There’s a rush of everything and everyone you’ve missed being so exciting, and the urge to do everything you used to do, and the hype of getting a job and a place….then a week or two passes…then all of the sudden it becomes more apparent than ever that perhaps you have actually changed…and perhaps more frightening, the notion that it might just be more comfortable to be new in a new place than new in an old one. I’d rather not know where to go in Hanoi than in the city I was born and raised in….and I surely do not want to be surrounded by 1995’s NINETY FIVES at the bar that are like so totally jacked about toonie Tuesdays and want to tell me about how they just got accepted to trades school and don’t know that Africa is a continent not a country.
I have pretty much kept Starbucks in business the last couple weeks, all the while well having already done 2 jobs, bought a new iPhone in cash, and already taken a week long trip back to Edmonton (where I went to uni). …in 3 weeks. I have been in Canada for 3 weeks. This year so far, I have spent more time in 10 of the countries I visited.
It’s a bit weird though, having the most clean slate I’m bound to have for the rest of my life. I have every choice I could want, but I want everything but to make the decision. I legitimately could go to grad school or work anywhere in the world and in an entry level position in virtually any career path. I have landed softly at home with my parents where my belongings are still in the boxes I moved them home in a year ago. I have enough in the bank to sit back and make ‘the right choice’ …
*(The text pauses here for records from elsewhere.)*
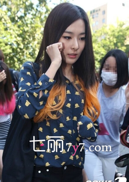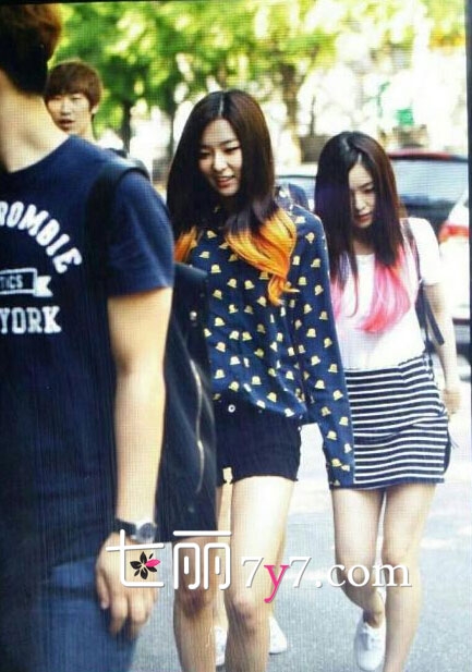 橘黄色的涩琪,在近期上班打歌照的服装中,则显得比较欧美范一些,这件深蓝色身衬衫,搭配上黑色短裤,特别是有橘黄色头发的衬托下,让整体的造型暗色调中和许多,背上黑色包,超显时尚Feel。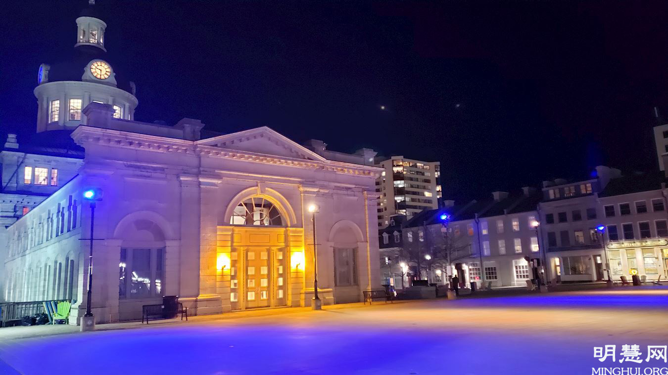 '图5:金斯敦市(Kingston)五月十三日晚市政厅亮彩灯庆祝世界法轮大法日。'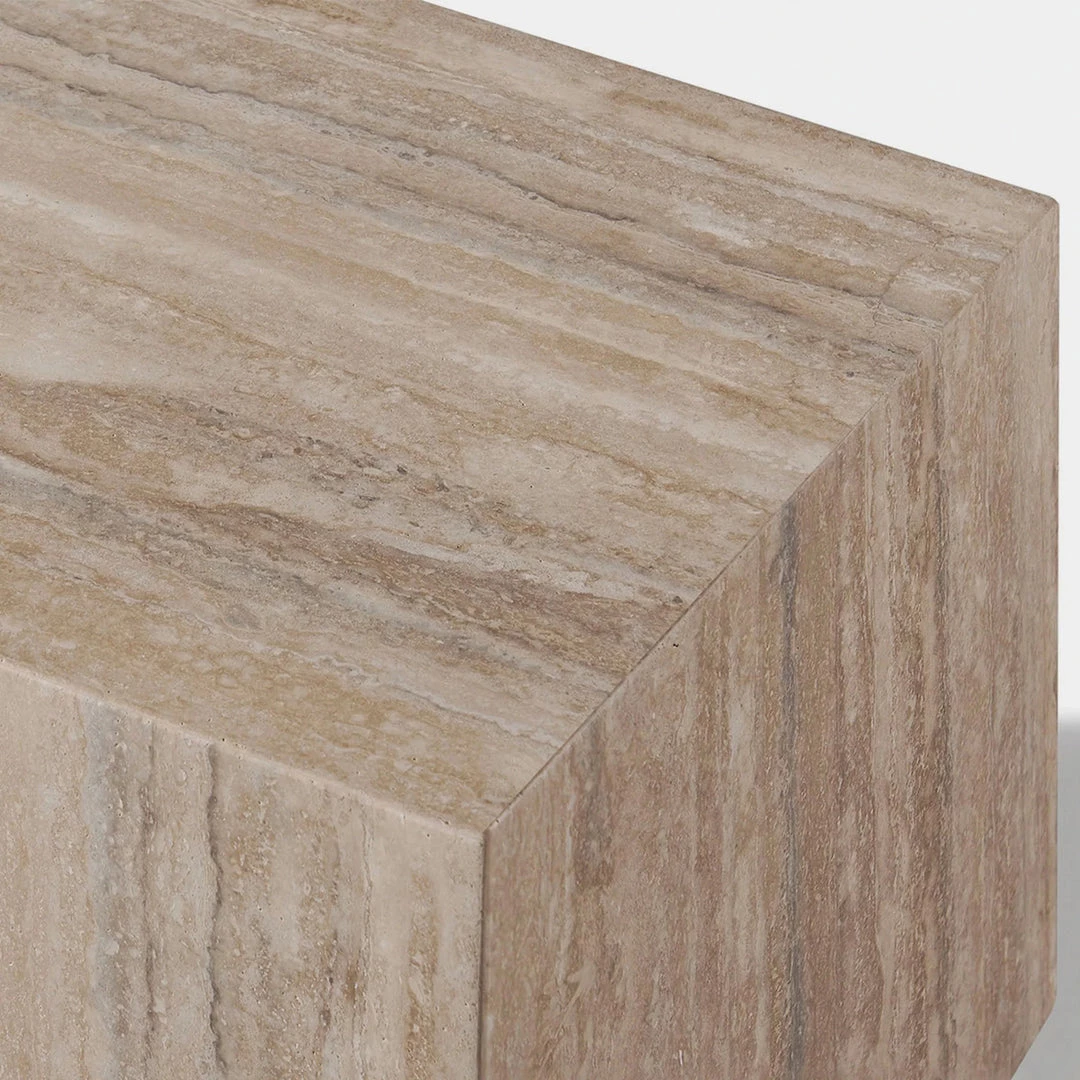 Our Florence collection follows simple rules of form to highlight travertine stone as its star material. The Florence Square or round Side Table is the perfect complement for your seating set — featuring an aluminum sub–structure on a plinth base supporting a square or round slab of hand–selected travertine stone from Italy, with unique patterns naturally formed over time. A beautiful conversation piece that’s built to last, this versatile table is designed to be used both indoors and out.
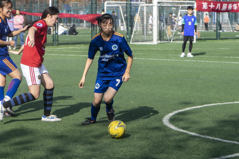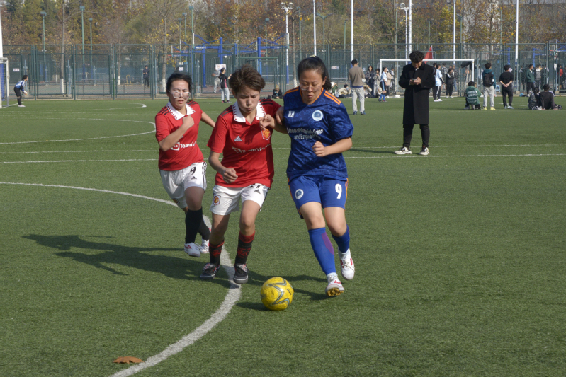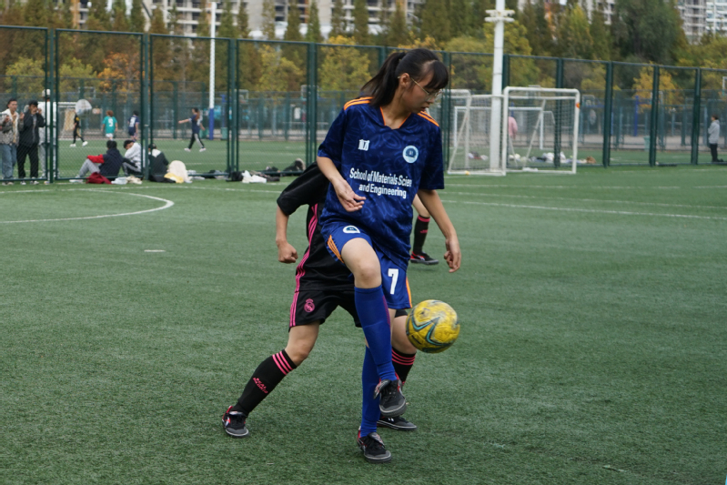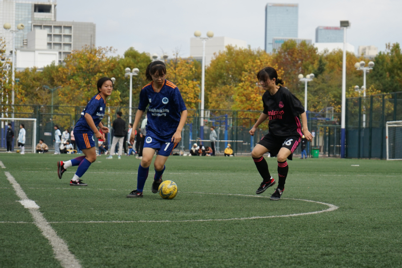 决赛中,对阵上届冠军队伍文法女足,我院女足姑娘们准备充分,赛前做好战略部署。上半场,球队制造多次威胁进攻,王涓洁为球队取得首分;下半场,栾欣铭在队友助攻下再入一球。虽对方凭借灵活跑位扳回一球,但我院女足姑娘们以针对性的防守限制住对方的进攻,拼体力、拼韧劲,最终将2:1的比分保持到最后一刻,球队创造队史最好成绩,斩获冠军。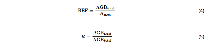 For these reasons, fixed or default values for BEF and R should be discouraged in locations with different climates and growing conditions, avoiding biased estimates for carbon accounting and greenhouse gas inventories. To further advance the current state of the art of BEF and R, we suggest modeling focused on climate variables to deepen our knowledge of their spatial patterns facing future climate change.
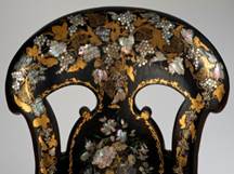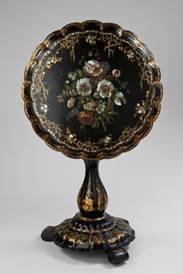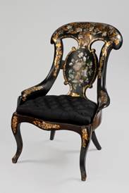 Fig. 4: Gueridon and armchair, partially in papier-mâché, with mother of pearl incrustations. English or French, c. 1850.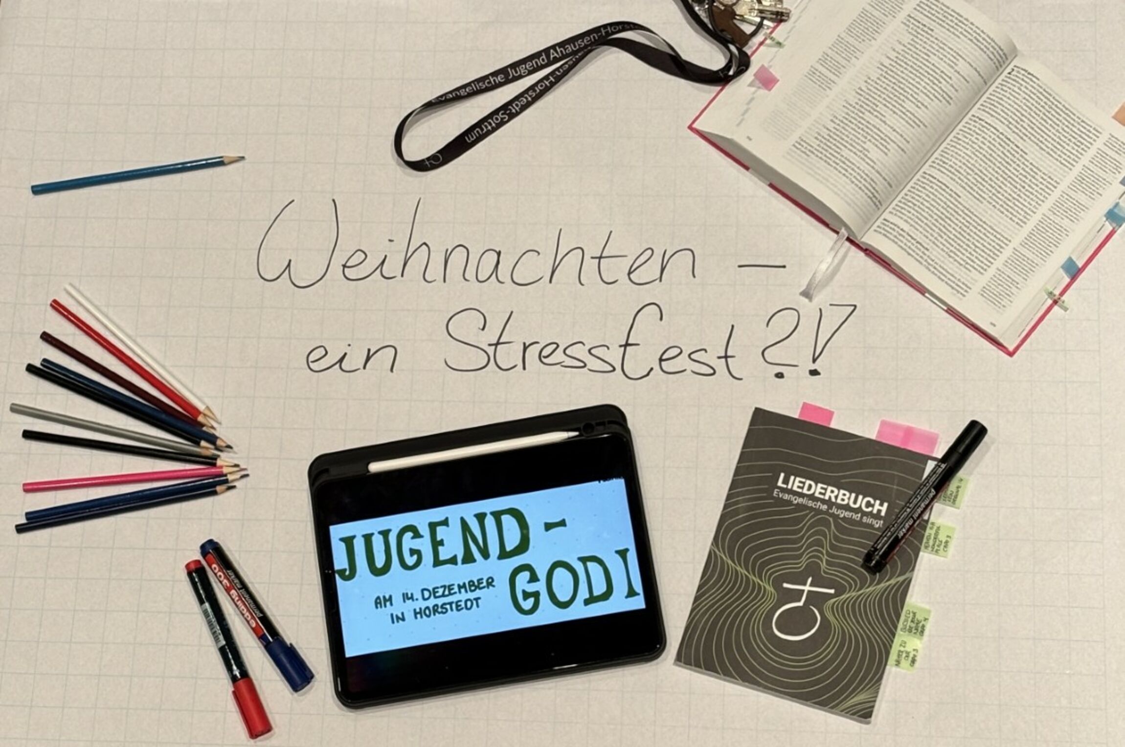 Pling. Eine Nachricht von Emma geht im Gruppenchat der Evangelischen Jugend ein. „Am 14.12.2025 ist um 18 Uhr unser 4. Jugendgottesdienst. Diesmal in Horstedt. Wer macht mit? Bitte tragt euch in die Umfrage ein!“ lese ich.

Additionally everyone thinks my opinion should either be so happy to be home and back to routine or so depressed and wishing I was still travelling. I don’t actually know where I stand. I think I’m in a complacent state of wondering. Probably a state most young people have encountered, but as I’ve blazed through the last 5 years without a spare minute or looking back, this might have been my first take at it.
Anyway….’on coming home’…it’s weird. I advise any traveller to prepare for it before you leave. I hid money around my room, bought fresh lululemon pants, and left myself coffee gift cards. Everything I would have gulped at after a long trip was there for me, and I had a solid 1500 budgeted for ‘homecoming’ just so I could be a little choosier with jobs and have fun with the people I missed as opposed to mooching (we’ll save that for the bday next month). I set myself up for it well, but I will tell you that any choices you thought you’d have to make will have exponential amounts of possibility based on things you’ve learned while travelling…and opinions you thought you had will be tested real quick. I guess in a weird way I feel like I don’t know myself because I know in theory that pre-travels Anika would have blown through 20 job applications by now, and had it ‘all figured out’….I’m not saying that I’d have it any other way, but I’ve definitely been forced into much harder choices much quicker than I anticipated.
The good news. I have great people in my life. Ones that stayed in touch and ones that didn’t really….but I gained the strength while travelling to take a stand for what friendships I value. Everyone I’ve wanted to be there has been, everyone I’ve needed has exceeded their ‘friend obligations’, and even some unexpected gems have risen to the challenge of making me feel happy to be back, and welcomed back.
I wasn’t forgotten. And as many annoying or daunting tasks that I have in front of me, that matters…a lot.